Definitivamente os pontos de maior controvérsia na repercussão do Chaves Brasileiro, o elenco e a reconstrução dos personagens foi de fato peculiar. Podemos dividir as atuações em três grupos: as que (re)construíram personagens (o que, vias de fato, se espera de qualquer releitura); as atuações que imitaram a atuação dos artistas do seriado original; e as atuações que sequer existiram. Apenas Lívia Andrade e Felipe Levoto, que interpretaram Dona Florinda e Seu Madruga respectivamente, entram no primeiro grupo. A entrega de Lívia Andrade à personagem é visível, e o que vemos na tela é uma nova Dona Florinda. A naturalidade com que a atriz trata a personagem faz dela a melhor em cena. Os trejeitos, o modo quase coreográfico como mexe as mãos e a cabeça principalmente são muito diferentes da interpretação mais sisuda e robótica de Florinda Meza na versão original. Lívia Andrade dança em cena e faz a carranca de Dona Florinda parecer resultado muito mais de um fator externo (como a convivência com os vizinhos) do que de uma angústia pessoal decorrente de uma classe social indesejada (como acontece na versão original).

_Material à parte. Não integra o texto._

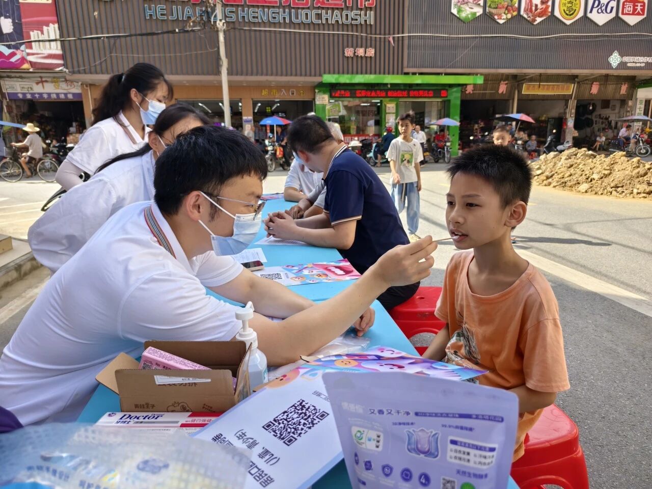 基层乡镇群众的口腔健康始终是团队的关切重点。7月9日、10日上午,实践团分别在曹江镇高凉墟、曹江居委会设点义诊,趁着群众赶集的热闹劲儿,为来往乡亲们提供口腔检查、问题咨询等服务,同时派送牙膏牙刷等口腔保健用品,为当地居民送上家门口的口腔健康关怀。

Felipe Levoto também se destaca. Ele foi o escolhido para dar vida ao personagem mais icônico da série, o Seu Madruga, interpretado na série original pelo comediante Ramón Valdéz. Em todos os especiais do SBT, ele é o personagem central, e a escolha não poderia ter sido melhor. Primeiro porque o personagem Seu Madruga é hoje um dos mais cultuados da série, deixando o próprio personagem-título em segundo plano. As pérolas de Seu Madruga na série original são repetidas como mantras em qualquer lugar: “a vingança nunca é plena, mata a alma e a envenena”; “o trabalho não é ruim, ruim é ter que trabalhar”, e por aí vai. A popularidade de Seu Madruga, portanto, já justificaria sua escolha como protagonista dos especiais.

Foi também acertada a escolha do ator para interpretar o preguiçoso e malandro pai da Chiquinha. Felipe Levoto tem traços que lembram muito os de Don Ramón, e sua caracterização com direito à costeleta e chapeuzinho ficou impecável. A atuação do ator surpreende porque, assim como Lívia Andrade, usou suas características particulares em favor do personagem. O Seu Madruga de Felipe Levoto tem uma postura muito mais relaxada que a já relaxada postura do Seu Madruga original. Os movimentos lentos, mas precisos, do personagem brasileiro, passam longe das passadas largas e rápidas e dos olhares errantes de Don Ramón. Os roteiros dos três especiais giravam em torno do personagem de Levoto, e uma escolha errada de quem interpretaria o Seu Madruga certamente descarrilharia o já cambaleante vagão da releitura que o SBT embarcou ao apostar no Chaves Brasileiro.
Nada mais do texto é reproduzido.